1. Group Project: This is a group project. Students should work in groups of 2 students. Please do not split the project in a way that each student does only a portion of the work. Instead each student is expected to work on the entire project individually and then meet with the group to clarify doubts, share findings, and combine the project solutions into one group report. Submit just one written report. Help or assistance from other groups, other people, or online resources is NOT allowed.

2. Study Chapter 3, Sections 10.1, 10.3 and Appendix D (online) of the textbook in great detail.

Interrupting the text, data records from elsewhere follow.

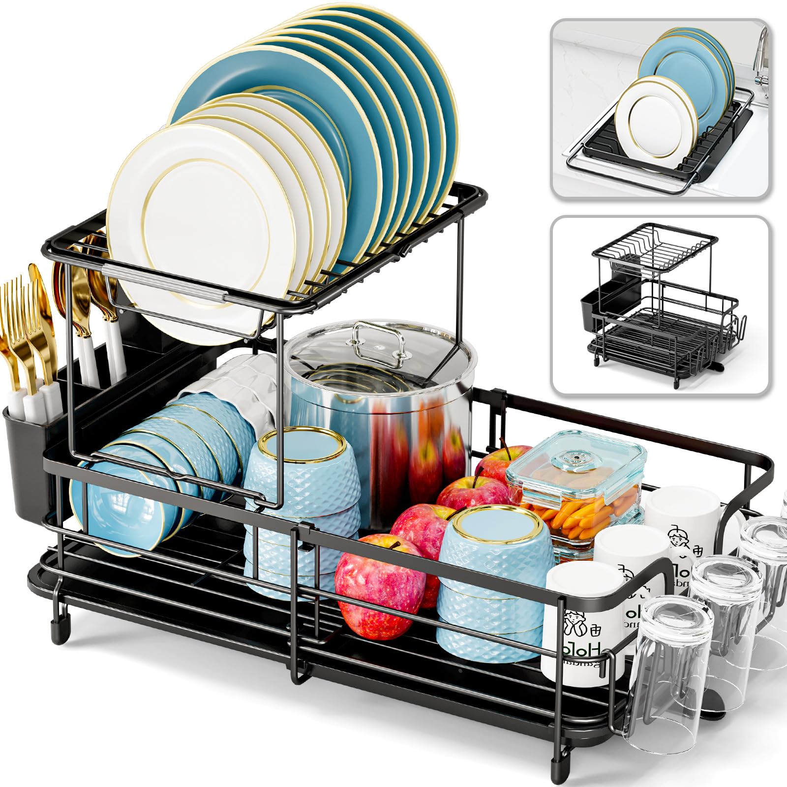 Escurridor de platos de dos niveles, ampliable de 2 niveles para encimera de cocina, escurridor de platos extensible sobre el freg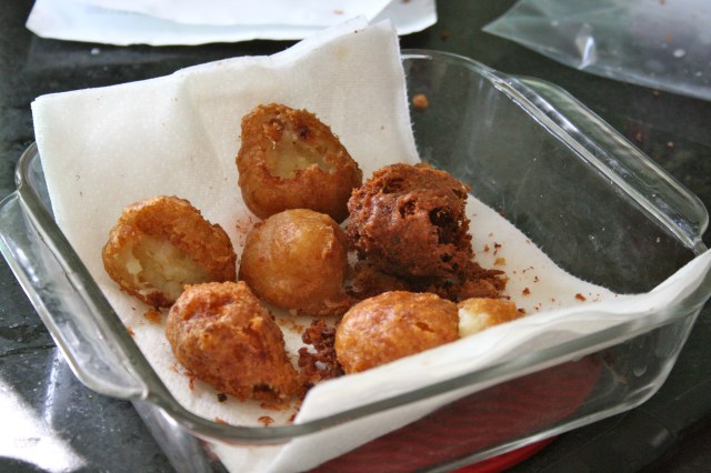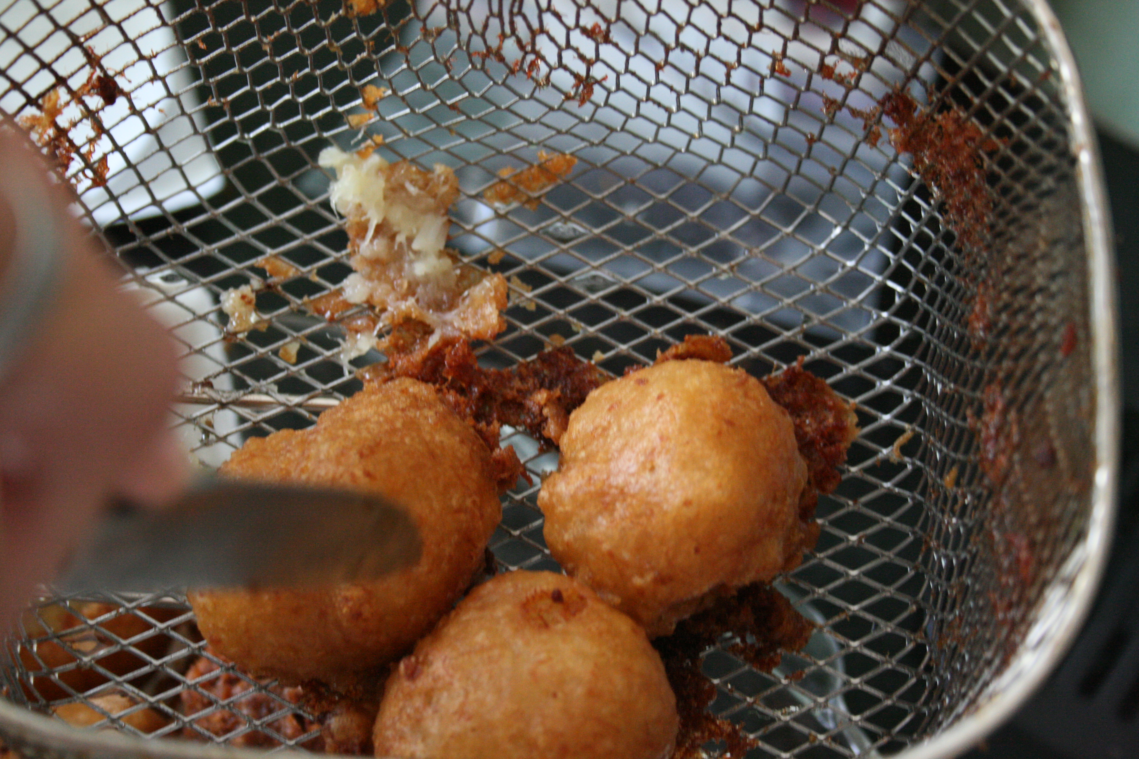 It’s hard to tell in this photo, but this ball has no innards. It seems all of the cod escaped into the depths of the fryer. At this point we are not confident in our first dish.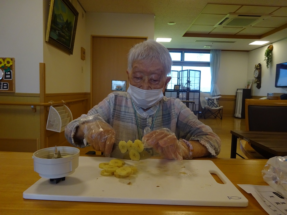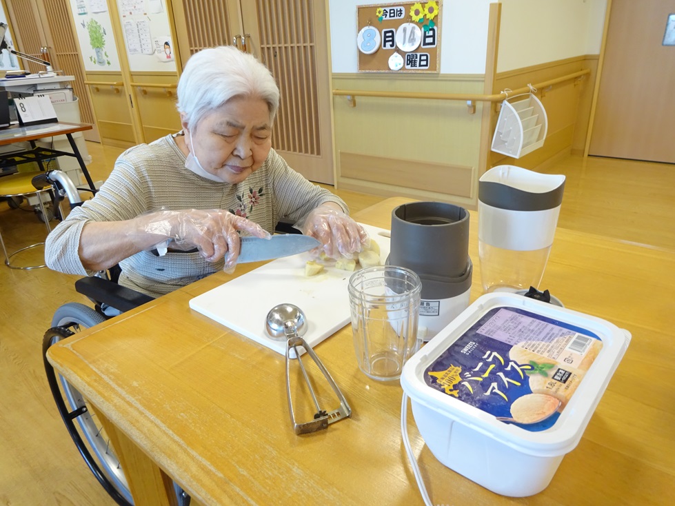 バナナシェイク作りをしました!!食材はバナナ・アイスクリーム・牛乳・氷です(‘ω’)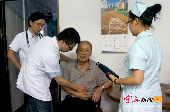 宁海新闻网讯 在建党92周年之际,跃龙街道北星社区对辖区内高龄行动不便的老党员开展关爱活动。年轻的党员医生为他们上门进行身体检查,并针对各自的身体状况,提出锻炼、用药等方面的指导建议与方法,祝愿他们健康长寿。 (姚亮郑洁摄)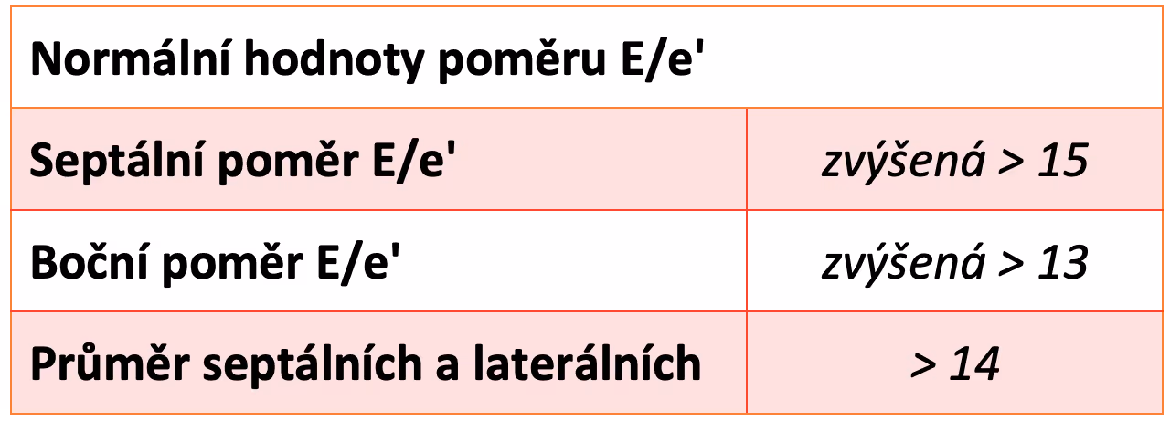 U zdravých jedinců je poměr E/e´ < 8.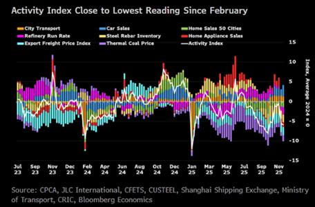Economic activity in China likely slowed further in November, with the high-frequency index and dashboard showing a sharp drop in the second half of the month. Sales of new homes and home appliances led the deterioration in demand, with new-home sales falling 41% year on year in the four weeks through Nov. 28. (Chart 2, @dlacalle_IA, Bloomberg economics)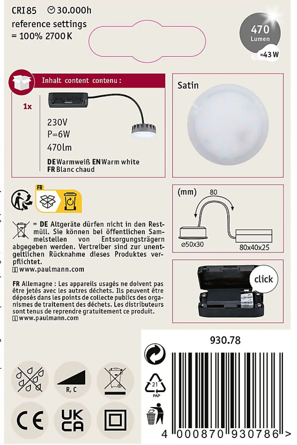 Module LED avec boîtier de connexion, incl. double clips de fixation rapide|Pour raccordement direct au secteur 230V|Intensité variable|Température de couleur: 2700K – Blanc chaud|Technique LED efficace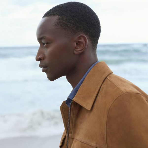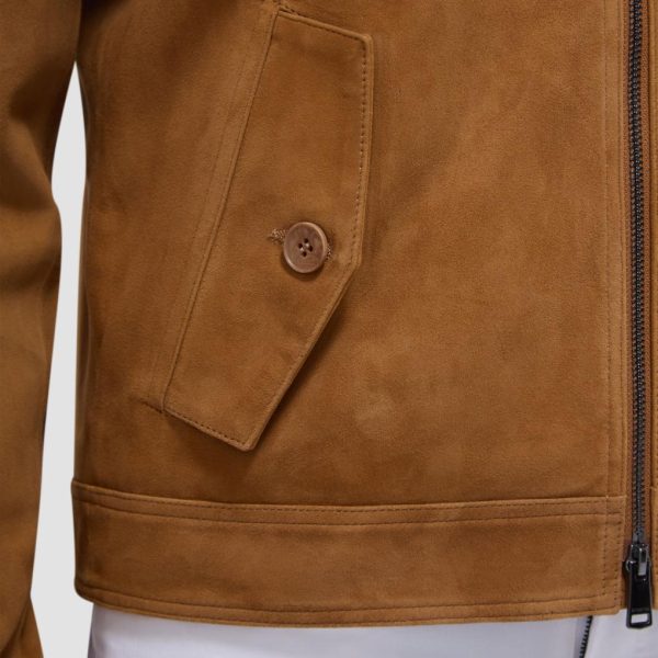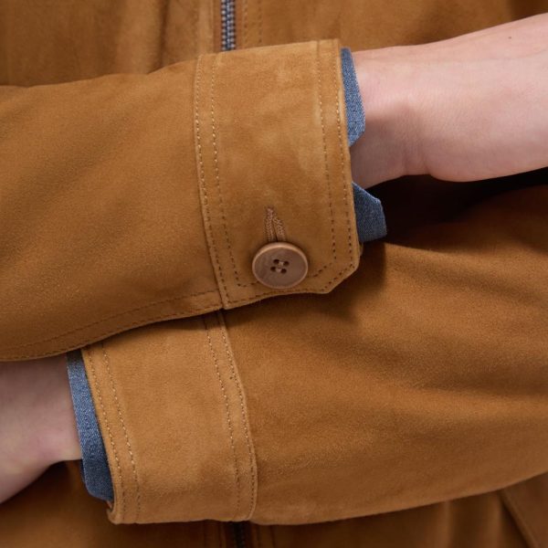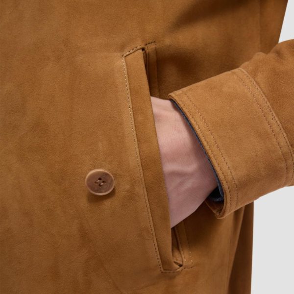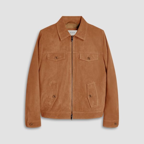Trucker jacket in 100% goat suede fully lined for comfort, features a classic point collar and a two-way zipper for versatile wear. Corozo buttons accent the cuffs and four flap pockets, adding a touch of natural elegance to this timeless design. Inside, a suede pocket with an embossed logo brings an extra element of luxury. This jacket effortlessly blends rugged style with refined details for a versatile look.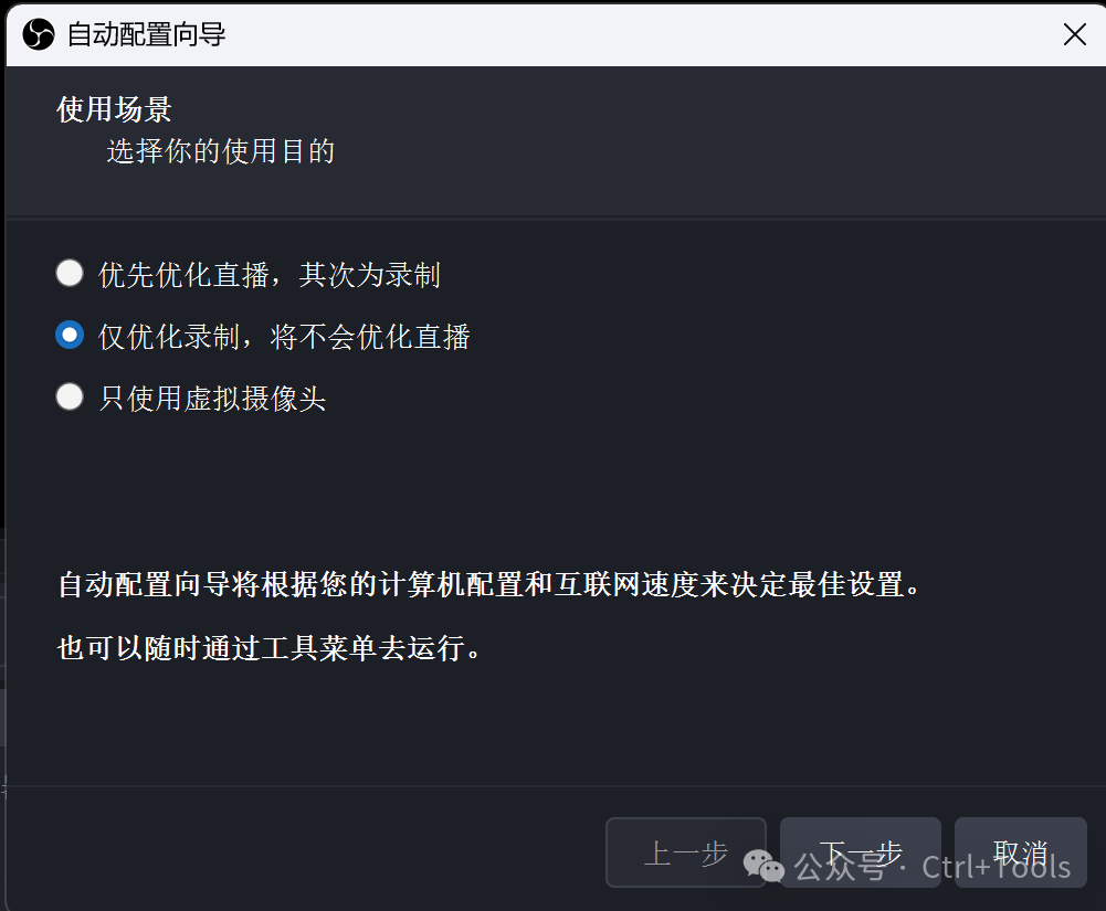 没想好可以点取消,可以随时通过菜单中的“工具”->“自动配置向导”打开。(因为本篇先介绍录制功能,下面是优先录制设置)

3. Study decision tree prunning using the Weka book: Section 6.1.

4. Study linear regression, model trees and regression trees using the Weka book: Sections 3.2, 3.3, 4.6 and
   • If you have Witten's, Frank's, and Hall's 3rd edition of the book (available on reserve in the WPI Library under "CS548"): Section 6.6 (Numeric Predictions with Local Linear Models).
   • If you have Witten's, Frank's, Hall's and Pal's 4th edition of the book: Section 7.3 (Numeric Predictions with Local Linear Models).

5. Study all the materials posted on the course Lecture Notes:
   • Decision Trees
   • Regression, Regression Trees, Model Trees
   • Miscellaneous notes about Python: including Decision Trees, Linear Regression, and Regression Trees in Python
   In particular, you should know the algorithms to construct decision trees, regression trees, and model trees very well, and be able to use these algorithms to construct trees from data by hand during the test. See examples provided in the Lecture Notes linked above. (Note: for model and regression trees, a software tool will be used to obtain the necessary linear regressions.)

6. THOROUGHLY READ AND FOLLOW THE PROJECT GUIDELINES. These guidelines contain detailed information about how to structure your project, and how to prepare your written summary, and how to study for the test.

   *** You must use the Project 2 Template provided here for your written report. Do NOT change the structucture of the report, do NOT exceed the page limits stated in the template and do NOT decrease the font size ***. (If you prefer not to use Word, you can copy and paste this format in a different editor as long as you respect the stated page structure and page limit.)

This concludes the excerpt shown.